While not as strong and epic as the first part, "The Witch's Familiar" was a mostly satisfying conclusion that held together better than it occasionally threatened to. It was certainly a lot looser than "The Magician's Apprentice", though, with perhaps too many scenes where The Doctor (Peter Capaldi) and Davros (Julian Bleach) had circular arguments about their opposing ideologies. You could have easily cut ten minutes out of this episode with very little impact, but otherwise it was an enjoyable hour.
I was pleased the survival of Clara (Jenna Coleman) and Missy (Michelle Gomez), after being zapped by Dalek ray guns last week, was explained in a way that made enough sense—with Missy using the energy blasts to recharge her vortex manipulator nanoseconds before they struck (a trick she learned from a time-wasting flashback to The Doctor's identical escape trick long ago).

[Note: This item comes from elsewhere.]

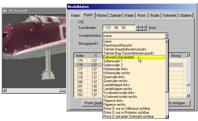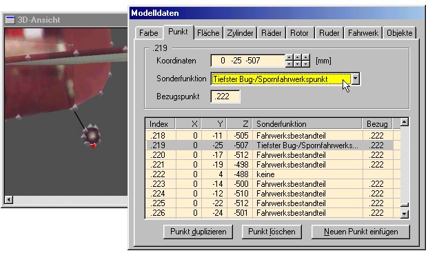 Was bei der Verwendung eines Rades aus der Registerkarte Räder automatisch und für uns unsichtbar passierte, müssen wir hier manuell durchführen: Der tiefste Punkt des Fahrwerksbeines, also der unterste Punkt des Spornrades, muß im Kombinationsfeld Sonderfunktion der Registerkarte Punkt als Tiefster Bug-/Spornfahrwerkspunkt gekennzeichnet werden:

The best evidence of that this week: we learned the TARDIS has a hitherto unmentioned ability to safely disintegrate itself into the atmosphere if attacked en masse, so The Doctor can reassemble it using his sonic screwdriver later. Or sonic sunglasses now, I suppose. The show clearly wants his shades to become Twelve's fez or bow-tie in the minds of the audience, but I don't know if that's going to happen because sunglasses are already an objectively cool item. The whole point of Eleven's bow-ties and, particularly, the ridiculous fez, was how they were infamously uncool things.
Anyway, back to the episode at hand. There was a surprising amount of messing around just to ensure this story filled its hour, which was a shame. The sequence where The Doctor effectively stole a paraplegic's wheelchair and left him rolling about on the floor, helpless, was in particularly poor taste—and ultimately of little relevance, because The Doctor was recaptured by Colony Sarff (Jami Reid-Quarrell) and the previous scenes continued regardless of that brief diversion. It almost felt like it only really happened because Moffat wanted to use The Doctor's admittedly funny "anyone for dogems?" line.

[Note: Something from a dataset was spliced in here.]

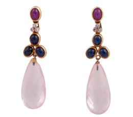 <span class='ref_item'>116 -</span> <span class="object_title">PENDIENTES EN ORO 18KT, ZAFIROS, RUBÍES, DIAMANTES Y CUARZOS ROSAS</span>  <p><span class="technical_description">Pareja de pendientes realizados en oro de 18kt. Parte superior formada por diamamtes en talla brillante con peso total aprox 0.09ct, zafiros en cabujón oval con peso total aprox 1.50ct y rubíes en cabujón oval con peso total aprox 0.40ct. Rematados por dos cuarzos rosas facetados en forma de gota<br/>Cierre: Omega<br/>Longitud: 5cm</span><br>Peso: <span class="PESO_HCES1">13,20</span> <span class="PESOUMED_HCES1">gr.</span><br></p>

Capaldi's approach to The Doctor continues to shift slightly, too. I detected a lot more Patrick Troughton and Tom Baker in his scenes this week, and noticed how he's choosing to walk around on almost permanently bended knees. His conversations with a dying, regretful Davros felt more grounded and interesting simply because he's an older actor. I particularly liked the moment when Davros began to cry with happiness that The Doctor had managed to restore Gallifrey to the skies, before opening his two human eyes to look at his nemesis one final time.
Similarly to Missy this week, the character was within touching distance of being de-fanged in this story, so I was glad Davros's true colours were revealed towards the end—as his masterplan was to convince The Doctor to willing use some of his regeneration energy to restore his eyesight, to enable him a chance to see a final Skaro sunrise, then seize the Time Lord and siphon this energy into all his Daleks to improve them. It was just a shame there was no visible way to tell the Daleks are now regenerated or upgraded in any significant way, and I was expecting Davros to perhaps grow slightly younger. Or even regain the use of his legs. Instead, it seems The Doctor may have unwittingly infected them with the ability to be merciful, so we'll see if that's returned to in future episodes.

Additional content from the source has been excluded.